Problem statement: Using the records below, give again exactly the lines from the line that contains "新潟地方気象台は、新潟を含む" through the line that contains "Características: - Estrutura", both ends included, and only those.

Records to use:
=== Section Start ===
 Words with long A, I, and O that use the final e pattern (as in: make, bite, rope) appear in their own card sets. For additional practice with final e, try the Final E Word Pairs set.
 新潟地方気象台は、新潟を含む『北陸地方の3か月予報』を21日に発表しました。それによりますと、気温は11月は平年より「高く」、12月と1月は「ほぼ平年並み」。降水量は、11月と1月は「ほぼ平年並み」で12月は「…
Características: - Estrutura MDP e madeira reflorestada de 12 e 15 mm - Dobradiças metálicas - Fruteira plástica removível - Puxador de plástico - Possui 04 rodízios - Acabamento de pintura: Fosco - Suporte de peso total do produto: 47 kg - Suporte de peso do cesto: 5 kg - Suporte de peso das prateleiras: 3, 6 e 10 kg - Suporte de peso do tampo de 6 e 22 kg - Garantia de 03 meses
=== Section End ===
=== Section Start ===
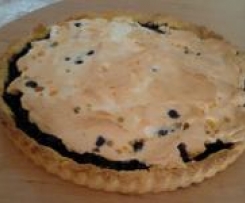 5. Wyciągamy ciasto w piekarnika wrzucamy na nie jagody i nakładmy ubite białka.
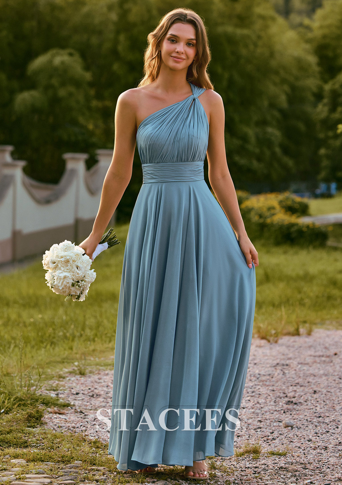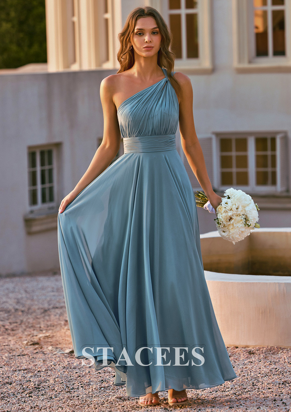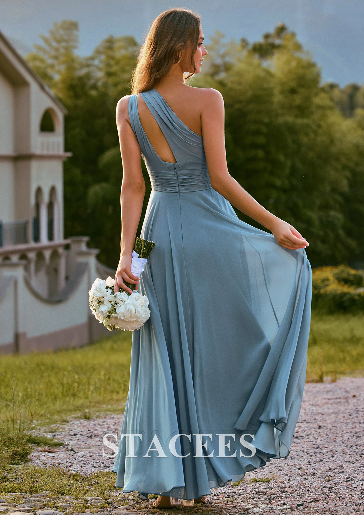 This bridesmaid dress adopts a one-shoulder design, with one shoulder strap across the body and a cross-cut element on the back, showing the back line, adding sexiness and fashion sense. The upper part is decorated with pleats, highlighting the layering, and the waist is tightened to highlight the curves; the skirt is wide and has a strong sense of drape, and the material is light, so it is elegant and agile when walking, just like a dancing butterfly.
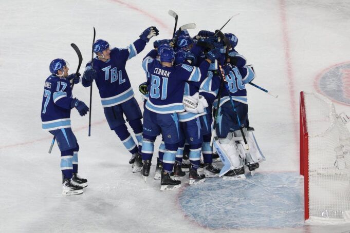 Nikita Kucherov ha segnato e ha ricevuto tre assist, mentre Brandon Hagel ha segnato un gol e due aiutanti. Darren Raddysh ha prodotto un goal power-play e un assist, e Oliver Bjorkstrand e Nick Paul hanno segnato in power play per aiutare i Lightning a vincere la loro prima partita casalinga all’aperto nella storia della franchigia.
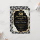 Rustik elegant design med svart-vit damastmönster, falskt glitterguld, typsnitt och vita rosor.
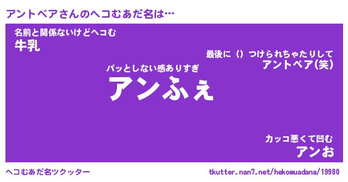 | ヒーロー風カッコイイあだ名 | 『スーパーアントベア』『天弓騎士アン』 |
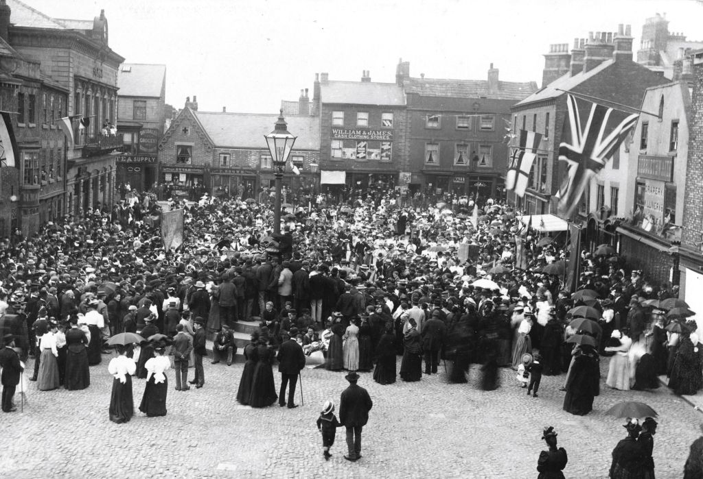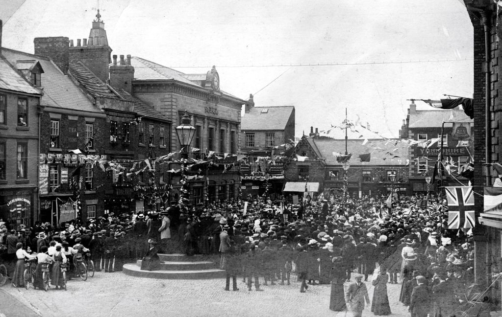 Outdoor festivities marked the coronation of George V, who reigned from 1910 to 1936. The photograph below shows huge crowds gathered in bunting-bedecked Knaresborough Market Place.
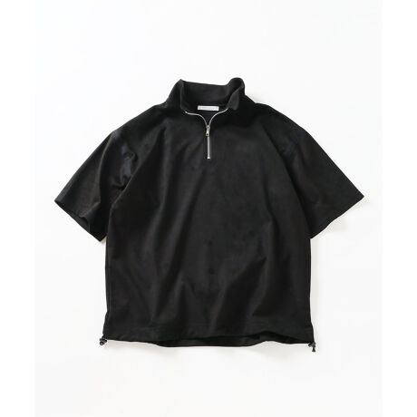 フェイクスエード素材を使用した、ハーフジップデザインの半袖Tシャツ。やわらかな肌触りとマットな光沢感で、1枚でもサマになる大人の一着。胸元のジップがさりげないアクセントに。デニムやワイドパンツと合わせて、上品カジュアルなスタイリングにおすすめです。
=== Section End ===
Solution for this task:
 新潟地方気象台は、新潟を含む『北陸地方の3か月予報』を21日に発表しました。それによりますと、気温は11月は平年より「高く」、12月と1月は「ほぼ平年並み」。降水量は、11月と1月は「ほぼ平年並み」で12月は「…
Características: - Estrutura MDP e madeira reflorestada de 12 e 15 mm - Dobradiças metálicas - Fruteira plástica removível - Puxador de plástico - Possui 04 rodízios - Acabamento de pintura: Fosco - Suporte de peso total do produto: 47 kg - Suporte de peso do cesto: 5 kg - Suporte de peso das prateleiras: 3, 6 e 10 kg - Suporte de peso do tampo de 6 e 22 kg - Garantia de 03 meses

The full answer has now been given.